Novel Insights into Neurological Diseases through Functional Single-Cell Analysis in the Cerebrospinal Fluid
Project Overview
- Focus: Investigating immune responses within the central nervous system via cerebrospinal fluid (CSF)
- Why It Matters: CSF offers a unique and clinically valuable window into brain immunity and disease processes.
Current Challenges
- Traditional CSF analysis relies on bulk measurements (cytokine levels, cell counts)
- These methods often miss cellular complexity and functional heterogeneity
- Single-cell function remains difficult to access due to low cell counts in CSF
Our Approach
- Innovation: Functional single-cell analysis using droplet-based microfluidics
- Goal: Quantify cytokine and antibody secretion at the single-cell level
Expected Outcomes
- High-resolution mapping of immune dynamics in CSF
- Identification of novel immune cell phenotypes
- Improved disease classification
- Deeper insight into neuroinflammatory mechanisms
A. Experimental workflow of phenotypic/genotypic measurements of CSF samples
CSF vials from patients are obtained from a lumbar puncture. A heterogenous cell population is isolated from the vial and encapsulated together with assay reagents into 60 pL water-in-oil emulsions (droplets). After encapsulation, the droplets are subjected to customized 2D phenotype assays for the dynamic characterization of cellular activity, using sandwich immunoassays and time-resolved fluorescence measurements, followed by a customized data analysis pipeline, allowing in-depth characterization of immune activities. Alternatively, one part of the droplets can be used to sort according to the phenotype detected by the bioassay with either fluorescence activated droplet sorting (FADS) or via re-emulsification and commercial cell sorters. The enriched cells are then subjected to commercial sequencing approaches. Thus, this workflow allows for the detailed comparison of pheno- and genotypes in the measured samples.

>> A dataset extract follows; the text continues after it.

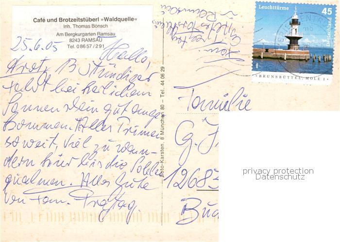 73859780 Ramsau Berchtesgaden Cafe und Brotzeitstüberl Waldquelle postalisch gelaufen Erhaltung siehe scans [WerneD78] alte Postkarte Wern Katcode 11110009172129

B. Principle of the deployed bioassay
Nanoparticles are functionalized with specific capture antibodies, leading to the accumulation of the secreted protein onto the nanoparticles. Fluorescently labeled detection antibody subsequently relocates onto the nanoparticles as well, leading to a measurable and quantifiable fluorescence accumulation. Figure was created using Biorender.